John and Albert Forshee came home from the war about this time, and had a hard time finding work. All the Forshee family lived in the two-story log house at the foot of Pike Run at this time, sharing what income each could make. (Except the old man and his $100 bills he kept in hiding, until he began getting hungry.)
It was hard work carrying 100 pound sacks of corn and sugar over the rough, steep hills to the still, and the old man had to share part of the work and income. Each of us had a task to perform. I kept the fire supplied with smokeless wood, and made many trips in the dark of night, carrying sacks of corn and sugar over the rocky hills, and had many skinned shins to prove it.
John was the official watchman and seldom did any actual work, other than sit on top of the ridge, on a stump or rock, and listen for danger. The location was so remote that only once were we disturbed by a dog's bark. We knew John was somewhere on the hill, so we all faded across the creek and up the opposite hill to a brush-covered clump of logs, and stayed there until John came down the opposite hill and sat down beside the still and whistled. We went back to work sitting watching the drops of almost pure alcohol drop from the spout below the wooden bucket condenser. Most of the work of actual production fell on the shoulders of Willie, being responsible for keeping the fire stoked just right to prevent the "Mule" from getting too strong or too weak.

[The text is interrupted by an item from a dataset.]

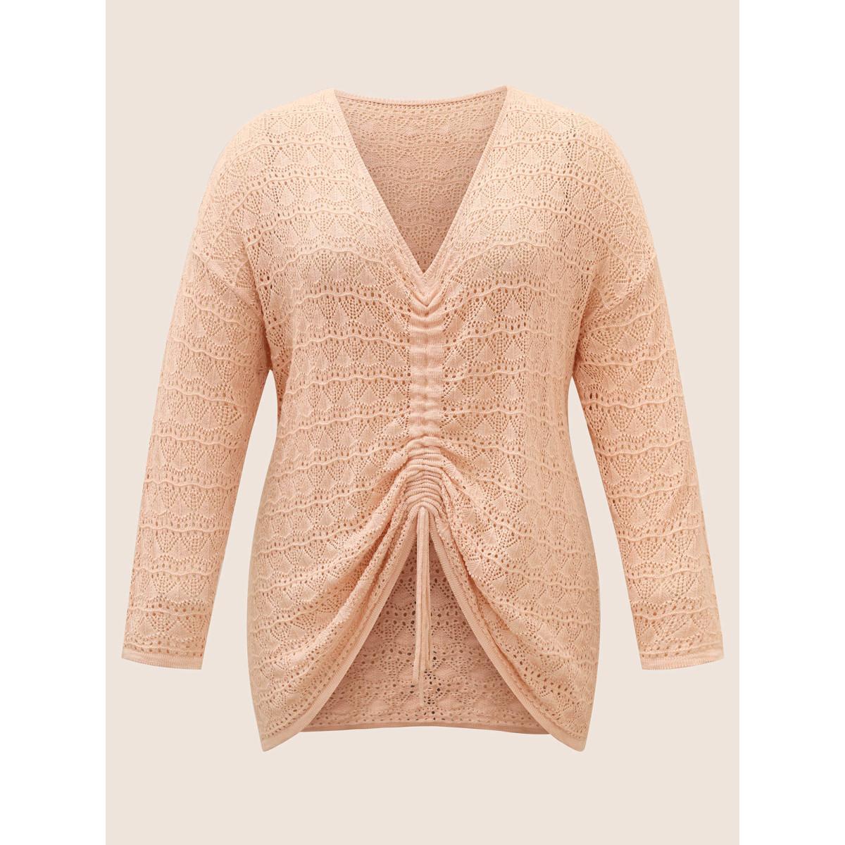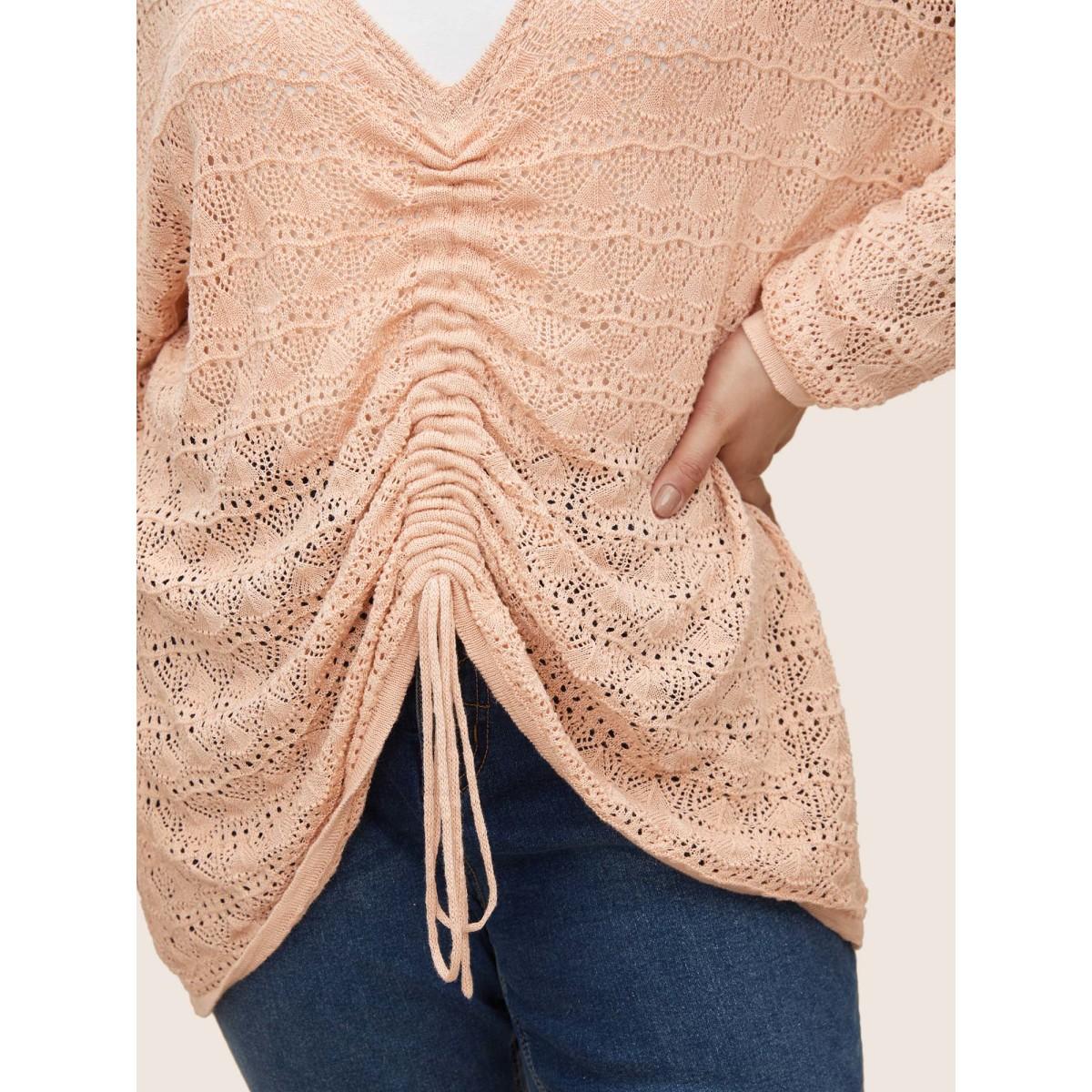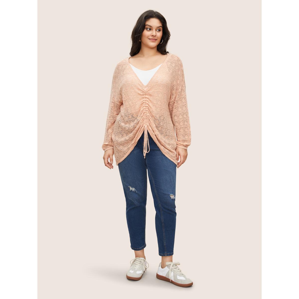 Plus Size Texture Drawstring Shoulder Sleeve Pullover Coral Women Casual Long Sleeve Deep V-neck Everyday Pullovers BloomChic 30/6X
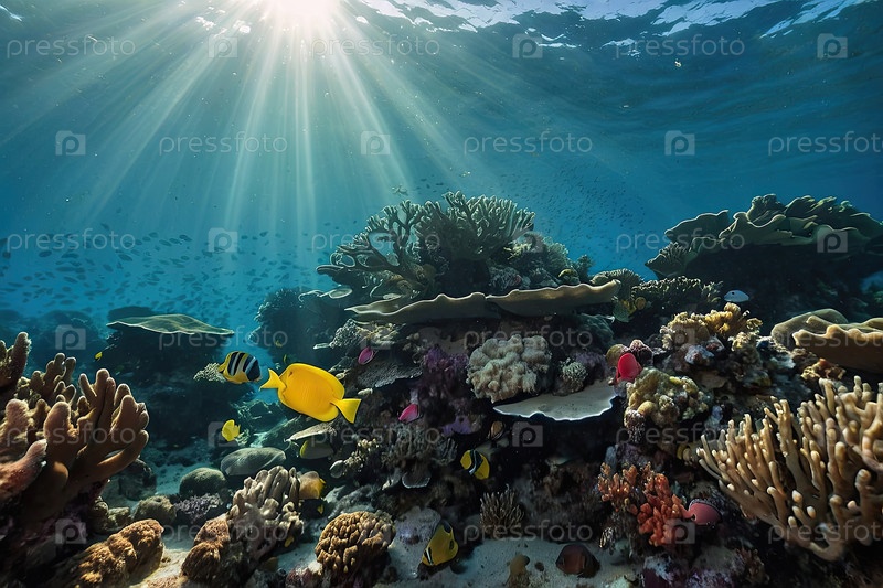Вида на коралловый риф, чистый голубой свет - образование по подводному туризму, приключения с сноркелингом, экологически чистый плакат, детальный подводный фон

The old man was the 'mash' man, deciding when the mash was "cured" just right to produce liquor of the proper strength and consistency.
Albert seldom came on premises, but did occasionally as he hauled loads of grain and sugar from distant stores to prevent snoopers getting wise to the operation. At such times, the last two miles of the haul were by horseback, after unloading the wagon in some remote cabin in the hills.
During the winters of this period, I lived at Esther and went to school there. The operation of the still was temporarily abandoned because of the cold and snowy weather.
Another summer came, and as I sat on the big rock close to the spring house, a noise like a herd of wild cattle, came from the hillside above. A group of men, there must have been twenty or twenty-five of them stopped beside me and asked such questions as "What's your name?" "Do you know where old Forshee's still is located?" "Where is the trail to the still?" I was very honest and gave them my name and where I lived. Most of the men knew me, and the questions were brief - after all they wanted the old man, not me.
The men lined up, side by side, completely across the valley and up each side, trying to find a trail leading to the still. They turned over leaves, kicked shrubs and examined rocks and logs with great care and thoroughness. Eventually they gave up and went back up the hill, disappointed. The Forshee clan were not that naive, each trip to the still, carrying sugar or grain, etc was by a different route. There never was a trail.
And so, this writer went West, never returned to Pike Run except on rare visits, even to this day.
Old John Thomas Forshee was 68 years old when the Sheriff and a posse caught his red-handed. It must have given the "law" a great satisfaction to catch the 68 year old hillbilly, who had eluded them for so many years, and fight him for possession of a gallon jug full of home made liquor!
The old man was given 10 years, but it turned out to be a life sentence. In 1927 he was dying and they turned him loose to spend his last days in the Pike Run Hills, where he had lived for so long, and where he had raised his family. He was 72 years old ad his hair was snow white when he died.
Not long after John Thomas was sentenced, Sam Doss was assassinated in his own home. Sam was said to be one of the leaders who finally affected the capture of the old man Forshee, and it was a foregone conclusion that Willie would be questioned. Willie was home when Doss was killed, so the questioning was brief."